#### Problem to work on
Starting from the first line, transcribe the whole listing exactly.

━━━━

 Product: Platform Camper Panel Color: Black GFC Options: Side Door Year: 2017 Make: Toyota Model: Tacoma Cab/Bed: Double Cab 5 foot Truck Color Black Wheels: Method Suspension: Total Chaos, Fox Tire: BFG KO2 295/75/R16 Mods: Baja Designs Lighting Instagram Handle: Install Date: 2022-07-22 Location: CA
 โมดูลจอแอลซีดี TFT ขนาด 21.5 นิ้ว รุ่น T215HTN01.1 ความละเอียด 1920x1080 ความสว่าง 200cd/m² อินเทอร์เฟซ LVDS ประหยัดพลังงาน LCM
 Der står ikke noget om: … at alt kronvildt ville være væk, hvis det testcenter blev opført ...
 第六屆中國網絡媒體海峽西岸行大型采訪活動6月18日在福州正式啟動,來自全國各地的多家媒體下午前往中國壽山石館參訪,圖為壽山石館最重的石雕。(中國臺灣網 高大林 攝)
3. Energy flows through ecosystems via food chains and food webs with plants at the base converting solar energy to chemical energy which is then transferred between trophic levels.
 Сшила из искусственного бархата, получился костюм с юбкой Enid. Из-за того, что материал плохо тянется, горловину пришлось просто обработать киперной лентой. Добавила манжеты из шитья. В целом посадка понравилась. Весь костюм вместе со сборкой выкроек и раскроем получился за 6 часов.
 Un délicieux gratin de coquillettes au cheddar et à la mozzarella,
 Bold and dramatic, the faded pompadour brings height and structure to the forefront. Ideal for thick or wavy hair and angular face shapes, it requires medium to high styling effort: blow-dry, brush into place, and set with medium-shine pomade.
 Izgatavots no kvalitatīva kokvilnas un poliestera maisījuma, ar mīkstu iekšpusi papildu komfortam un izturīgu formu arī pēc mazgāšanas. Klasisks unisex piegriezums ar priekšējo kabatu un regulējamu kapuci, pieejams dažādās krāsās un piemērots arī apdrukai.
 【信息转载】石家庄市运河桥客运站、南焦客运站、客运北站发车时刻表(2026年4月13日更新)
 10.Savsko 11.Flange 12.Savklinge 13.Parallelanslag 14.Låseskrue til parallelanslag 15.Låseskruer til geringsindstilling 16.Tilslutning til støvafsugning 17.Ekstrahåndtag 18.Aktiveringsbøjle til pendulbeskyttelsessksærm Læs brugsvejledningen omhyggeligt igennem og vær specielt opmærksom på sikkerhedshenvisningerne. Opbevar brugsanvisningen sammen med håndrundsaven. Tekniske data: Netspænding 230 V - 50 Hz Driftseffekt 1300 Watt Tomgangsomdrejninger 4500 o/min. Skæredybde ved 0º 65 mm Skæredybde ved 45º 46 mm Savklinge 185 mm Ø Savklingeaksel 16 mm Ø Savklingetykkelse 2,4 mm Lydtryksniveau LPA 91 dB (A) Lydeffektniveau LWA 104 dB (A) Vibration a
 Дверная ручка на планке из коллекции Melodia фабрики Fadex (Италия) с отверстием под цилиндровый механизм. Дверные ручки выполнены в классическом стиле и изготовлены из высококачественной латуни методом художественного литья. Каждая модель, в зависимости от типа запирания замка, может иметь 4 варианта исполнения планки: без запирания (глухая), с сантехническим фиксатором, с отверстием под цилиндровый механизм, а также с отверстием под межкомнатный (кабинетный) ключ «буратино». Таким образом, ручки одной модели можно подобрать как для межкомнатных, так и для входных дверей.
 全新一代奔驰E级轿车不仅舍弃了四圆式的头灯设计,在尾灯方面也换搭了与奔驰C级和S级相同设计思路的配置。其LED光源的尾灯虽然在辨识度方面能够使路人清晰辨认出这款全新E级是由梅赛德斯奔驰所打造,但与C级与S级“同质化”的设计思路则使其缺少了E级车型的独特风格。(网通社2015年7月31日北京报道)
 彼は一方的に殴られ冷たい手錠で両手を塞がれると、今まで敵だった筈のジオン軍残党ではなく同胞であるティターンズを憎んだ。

━━━━

#### Response for this exercise
 Product: Platform Camper Panel Color: Black GFC Options: Side Door Year: 2017 Make: Toyota Model: Tacoma Cab/Bed: Double Cab 5 foot Truck Color Black Wheels: Method Suspension: Total Chaos, Fox Tire: BFG KO2 295/75/R16 Mods: Baja Designs Lighting Instagram Handle: Install Date: 2022-07-22 Location: CA
 โมดูลจอแอลซีดี TFT ขนาด 21.5 นิ้ว รุ่น T215HTN01.1 ความละเอียด 1920x1080 ความสว่าง 200cd/m² อินเทอร์เฟซ LVDS ประหยัดพลังงาน LCM
 Der står ikke noget om: … at alt kronvildt ville være væk, hvis det testcenter blev opført ...
 第六屆中國網絡媒體海峽西岸行大型采訪活動6月18日在福州正式啟動,來自全國各地的多家媒體下午前往中國壽山石館參訪,圖為壽山石館最重的石雕。(中國臺灣網 高大林 攝)
3. Energy flows through ecosystems via food chains and food webs with plants at the base converting solar energy to chemical energy which is then transferred between trophic levels.
 Сшила из искусственного бархата, получился костюм с юбкой Enid. Из-за того, что материал плохо тянется, горловину пришлось просто обработать киперной лентой. Добавила манжеты из шитья. В целом посадка понравилась. Весь костюм вместе со сборкой выкроек и раскроем получился за 6 часов.
 Un délicieux gratin de coquillettes au cheddar et à la mozzarella,
 Bold and dramatic, the faded pompadour brings height and structure to the forefront. Ideal for thick or wavy hair and angular face shapes, it requires medium to high styling effort: blow-dry, brush into place, and set with medium-shine pomade.
 Izgatavots no kvalitatīva kokvilnas un poliestera maisījuma, ar mīkstu iekšpusi papildu komfortam un izturīgu formu arī pēc mazgāšanas. Klasisks unisex piegriezums ar priekšējo kabatu un regulējamu kapuci, pieejams dažādās krāsās un piemērots arī apdrukai.
 【信息转载】石家庄市运河桥客运站、南焦客运站、客运北站发车时刻表(2026年4月13日更新)
 10.Savsko 11.Flange 12.Savklinge 13.Parallelanslag 14.Låseskrue til parallelanslag 15.Låseskruer til geringsindstilling 16.Tilslutning til støvafsugning 17.Ekstrahåndtag 18.Aktiveringsbøjle til pendulbeskyttelsessksærm Læs brugsvejledningen omhyggeligt igennem og vær specielt opmærksom på sikkerhedshenvisningerne. Opbevar brugsanvisningen sammen med håndrundsaven. Tekniske data: Netspænding 230 V - 50 Hz Driftseffekt 1300 Watt Tomgangsomdrejninger 4500 o/min. Skæredybde ved 0º 65 mm Skæredybde ved 45º 46 mm Savklinge 185 mm Ø Savklingeaksel 16 mm Ø Savklingetykkelse 2,4 mm Lydtryksniveau LPA 91 dB (A) Lydeffektniveau LWA 104 dB (A) Vibration a
 Дверная ручка на планке из коллекции Melodia фабрики Fadex (Италия) с отверстием под цилиндровый механизм. Дверные ручки выполнены в классическом стиле и изготовлены из высококачественной латуни методом художественного литья. Каждая модель, в зависимости от типа запирания замка, может иметь 4 варианта исполнения планки: без запирания (глухая), с сантехническим фиксатором, с отверстием под цилиндровый механизм, а также с отверстием под межкомнатный (кабинетный) ключ «буратино». Таким образом, ручки одной модели можно подобрать как для межкомнатных, так и для входных дверей.
 全新一代奔驰E级轿车不仅舍弃了四圆式的头灯设计,在尾灯方面也换搭了与奔驰C级和S级相同设计思路的配置。其LED光源的尾灯虽然在辨识度方面能够使路人清晰辨认出这款全新E级是由梅赛德斯奔驰所打造,但与C级与S级“同质化”的设计思路则使其缺少了E级车型的独特风格。(网通社2015年7月31日北京报道)
 彼は一方的に殴られ冷たい手錠で両手を塞がれると、今まで敵だった筈のジオン軍残党ではなく同胞であるティターンズを憎んだ。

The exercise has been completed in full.